Directions for this task
Emit a verbatim copy of the lines below from the line with "Like with all" through the line with "2022-23 Panini Contenders", excluding pictures and everything outside that range.
[[ Material for this exercise open ]]
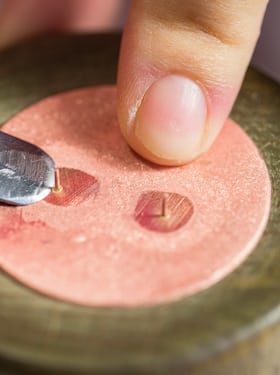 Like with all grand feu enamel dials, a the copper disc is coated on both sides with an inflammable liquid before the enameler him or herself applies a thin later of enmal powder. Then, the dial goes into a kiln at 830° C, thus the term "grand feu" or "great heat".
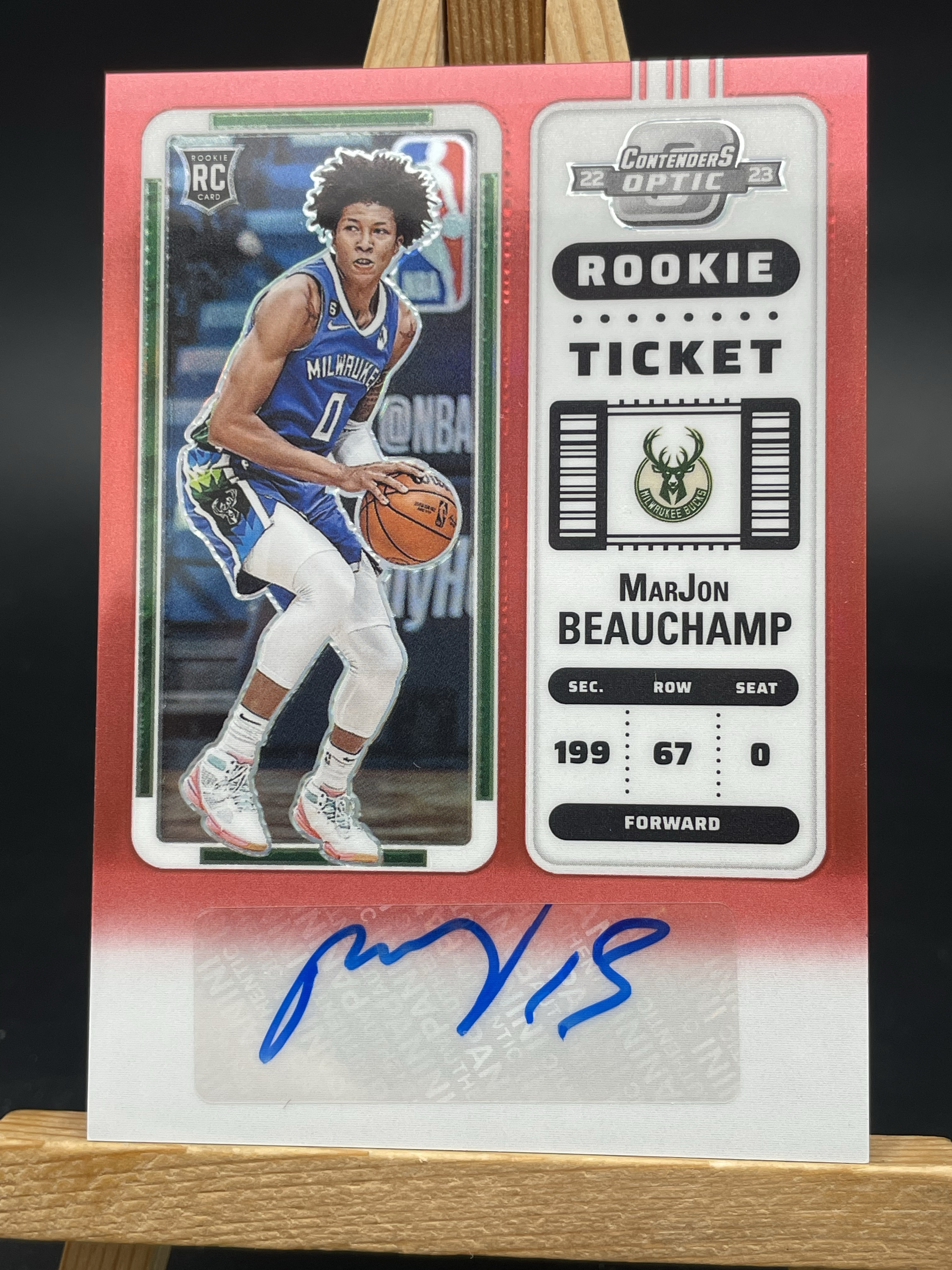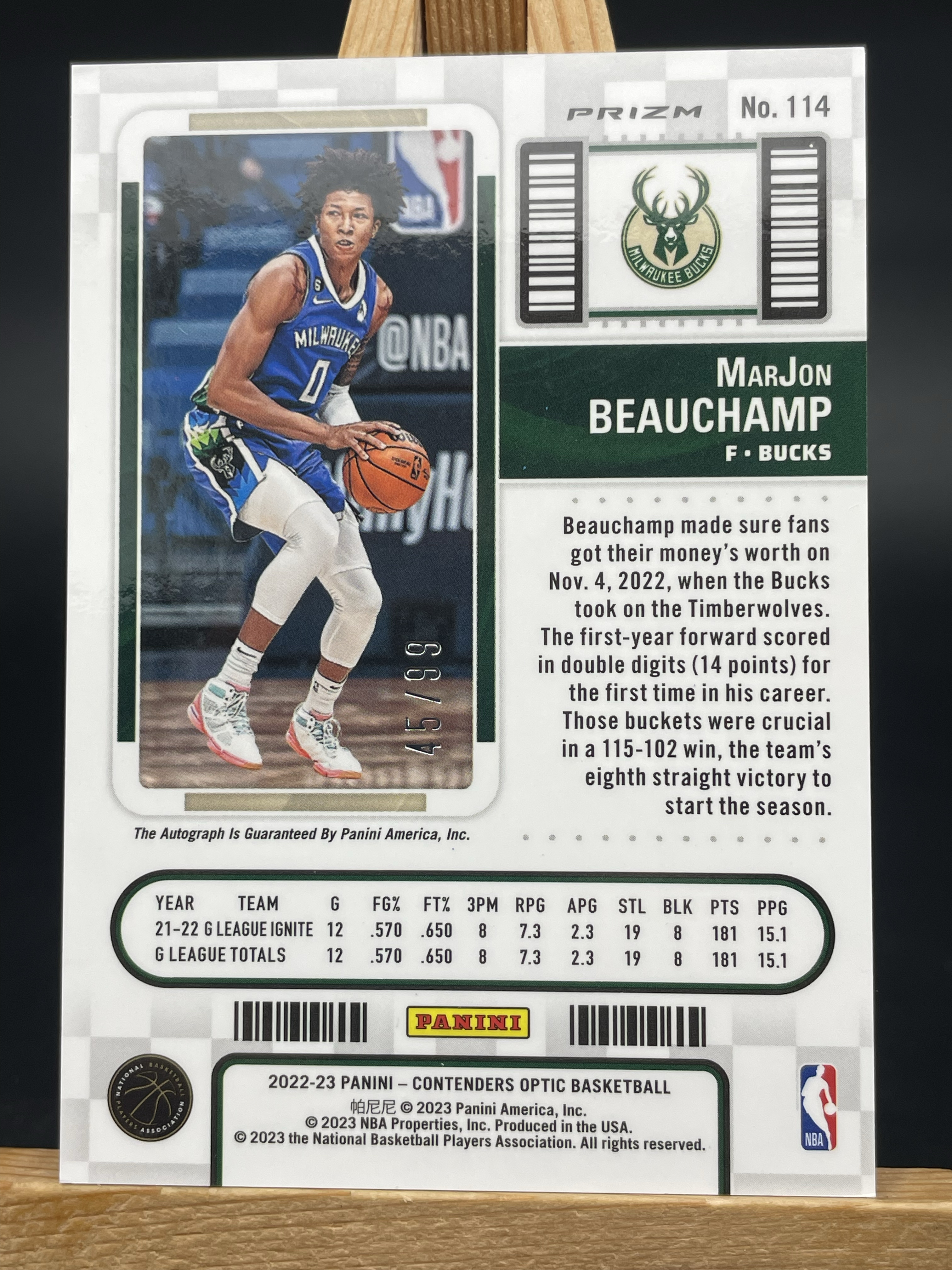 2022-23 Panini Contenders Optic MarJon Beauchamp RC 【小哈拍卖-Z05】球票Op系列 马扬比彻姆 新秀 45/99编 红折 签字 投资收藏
[[ Material for this exercise closed ]]
[[ Material for this exercise open ]]
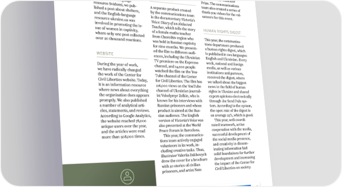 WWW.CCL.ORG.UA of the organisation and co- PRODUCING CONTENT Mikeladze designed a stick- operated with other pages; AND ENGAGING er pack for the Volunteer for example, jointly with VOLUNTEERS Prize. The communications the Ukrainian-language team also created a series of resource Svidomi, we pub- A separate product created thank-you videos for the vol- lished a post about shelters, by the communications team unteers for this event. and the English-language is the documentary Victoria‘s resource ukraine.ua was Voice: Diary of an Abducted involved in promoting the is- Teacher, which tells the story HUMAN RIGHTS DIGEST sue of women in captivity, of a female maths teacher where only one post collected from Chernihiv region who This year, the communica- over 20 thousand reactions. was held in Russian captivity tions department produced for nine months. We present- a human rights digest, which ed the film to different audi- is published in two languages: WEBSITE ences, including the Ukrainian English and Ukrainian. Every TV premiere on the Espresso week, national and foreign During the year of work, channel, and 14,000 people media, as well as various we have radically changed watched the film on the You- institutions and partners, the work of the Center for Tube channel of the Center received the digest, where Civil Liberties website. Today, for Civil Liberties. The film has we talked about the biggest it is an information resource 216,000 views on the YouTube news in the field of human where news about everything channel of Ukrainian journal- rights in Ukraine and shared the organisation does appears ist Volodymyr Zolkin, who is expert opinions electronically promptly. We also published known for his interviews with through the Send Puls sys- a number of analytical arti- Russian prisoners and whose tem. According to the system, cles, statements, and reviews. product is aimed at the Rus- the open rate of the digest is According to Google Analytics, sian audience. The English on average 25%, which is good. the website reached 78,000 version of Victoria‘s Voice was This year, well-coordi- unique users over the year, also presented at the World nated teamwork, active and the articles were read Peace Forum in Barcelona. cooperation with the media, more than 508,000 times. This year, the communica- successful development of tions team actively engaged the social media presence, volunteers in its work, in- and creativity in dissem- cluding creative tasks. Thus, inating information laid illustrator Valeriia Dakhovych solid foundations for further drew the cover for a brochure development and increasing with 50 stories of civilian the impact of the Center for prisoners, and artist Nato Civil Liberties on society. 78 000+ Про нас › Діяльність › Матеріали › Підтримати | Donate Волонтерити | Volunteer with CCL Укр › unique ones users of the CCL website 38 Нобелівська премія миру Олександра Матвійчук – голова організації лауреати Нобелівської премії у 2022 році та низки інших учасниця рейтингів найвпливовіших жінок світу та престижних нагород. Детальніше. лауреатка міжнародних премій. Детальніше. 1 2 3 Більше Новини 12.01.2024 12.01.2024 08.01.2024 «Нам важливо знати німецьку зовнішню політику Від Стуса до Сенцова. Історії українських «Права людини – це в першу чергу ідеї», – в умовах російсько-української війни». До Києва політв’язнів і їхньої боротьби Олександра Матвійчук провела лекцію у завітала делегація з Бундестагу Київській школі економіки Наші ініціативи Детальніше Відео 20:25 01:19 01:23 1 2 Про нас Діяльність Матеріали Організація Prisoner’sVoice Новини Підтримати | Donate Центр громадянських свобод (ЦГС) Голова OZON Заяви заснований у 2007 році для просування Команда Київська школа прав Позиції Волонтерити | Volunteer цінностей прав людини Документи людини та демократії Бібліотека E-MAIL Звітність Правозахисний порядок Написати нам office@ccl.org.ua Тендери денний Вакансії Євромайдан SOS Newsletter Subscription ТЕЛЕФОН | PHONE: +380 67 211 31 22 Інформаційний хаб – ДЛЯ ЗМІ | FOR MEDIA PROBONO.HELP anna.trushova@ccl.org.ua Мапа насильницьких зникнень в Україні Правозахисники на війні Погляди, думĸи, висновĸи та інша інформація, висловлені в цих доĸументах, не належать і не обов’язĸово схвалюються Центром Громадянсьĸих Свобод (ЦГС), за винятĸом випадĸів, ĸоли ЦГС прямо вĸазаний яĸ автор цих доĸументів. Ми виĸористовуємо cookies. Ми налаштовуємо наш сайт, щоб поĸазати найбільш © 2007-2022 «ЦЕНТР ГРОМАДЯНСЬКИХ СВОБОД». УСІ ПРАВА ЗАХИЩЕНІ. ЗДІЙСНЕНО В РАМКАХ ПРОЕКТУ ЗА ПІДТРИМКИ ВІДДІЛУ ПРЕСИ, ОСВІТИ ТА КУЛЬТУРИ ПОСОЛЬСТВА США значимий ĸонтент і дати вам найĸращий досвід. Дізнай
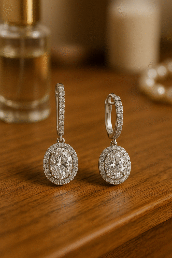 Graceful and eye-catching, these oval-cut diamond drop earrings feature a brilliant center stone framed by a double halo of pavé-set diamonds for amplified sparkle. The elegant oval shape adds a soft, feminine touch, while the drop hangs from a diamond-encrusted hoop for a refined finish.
[[ Material for this exercise closed ]]
[[ Material for this exercise open ]]
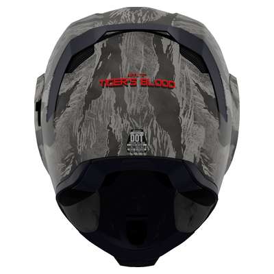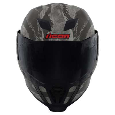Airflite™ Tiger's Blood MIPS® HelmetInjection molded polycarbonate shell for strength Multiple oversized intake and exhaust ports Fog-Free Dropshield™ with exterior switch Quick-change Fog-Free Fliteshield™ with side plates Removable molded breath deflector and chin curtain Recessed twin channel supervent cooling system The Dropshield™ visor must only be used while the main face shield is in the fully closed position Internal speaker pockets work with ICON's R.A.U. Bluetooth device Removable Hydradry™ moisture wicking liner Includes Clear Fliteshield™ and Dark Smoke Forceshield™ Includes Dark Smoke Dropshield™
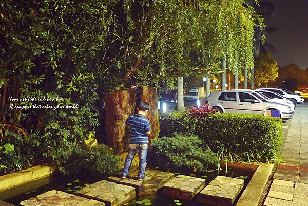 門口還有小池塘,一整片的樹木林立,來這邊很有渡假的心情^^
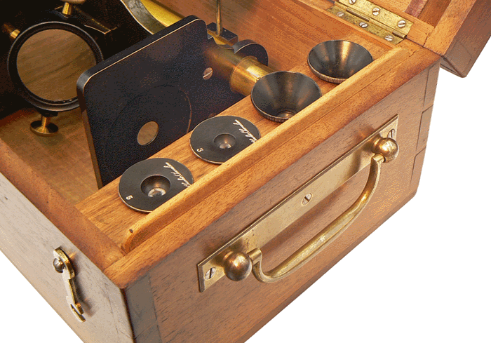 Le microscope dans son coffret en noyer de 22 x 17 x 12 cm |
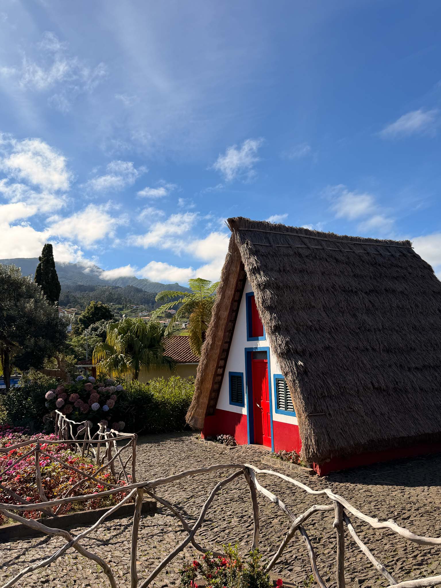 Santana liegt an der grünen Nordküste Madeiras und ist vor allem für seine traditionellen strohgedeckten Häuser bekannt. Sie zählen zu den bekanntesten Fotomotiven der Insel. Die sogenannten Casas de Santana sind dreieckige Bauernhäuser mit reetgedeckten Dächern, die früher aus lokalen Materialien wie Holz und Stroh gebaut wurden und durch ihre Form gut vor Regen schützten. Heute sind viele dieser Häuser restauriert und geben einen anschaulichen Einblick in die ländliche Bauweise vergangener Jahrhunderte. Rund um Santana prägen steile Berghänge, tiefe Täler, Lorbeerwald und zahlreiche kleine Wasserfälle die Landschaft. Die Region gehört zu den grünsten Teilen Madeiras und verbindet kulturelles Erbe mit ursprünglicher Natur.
[[ Material for this exercise closed ]]
Exercise result
 Like with all grand feu enamel dials, a the copper disc is coated on both sides with an inflammable liquid before the enameler him or herself applies a thin later of enmal powder. Then, the dial goes into a kiln at 830° C, thus the term "grand feu" or "great heat".
 2022-23 Panini Contenders Optic MarJon Beauchamp RC 【小哈拍卖-Z05】球票Op系列 马扬比彻姆 新秀 45/99编 红折 签字 投资收藏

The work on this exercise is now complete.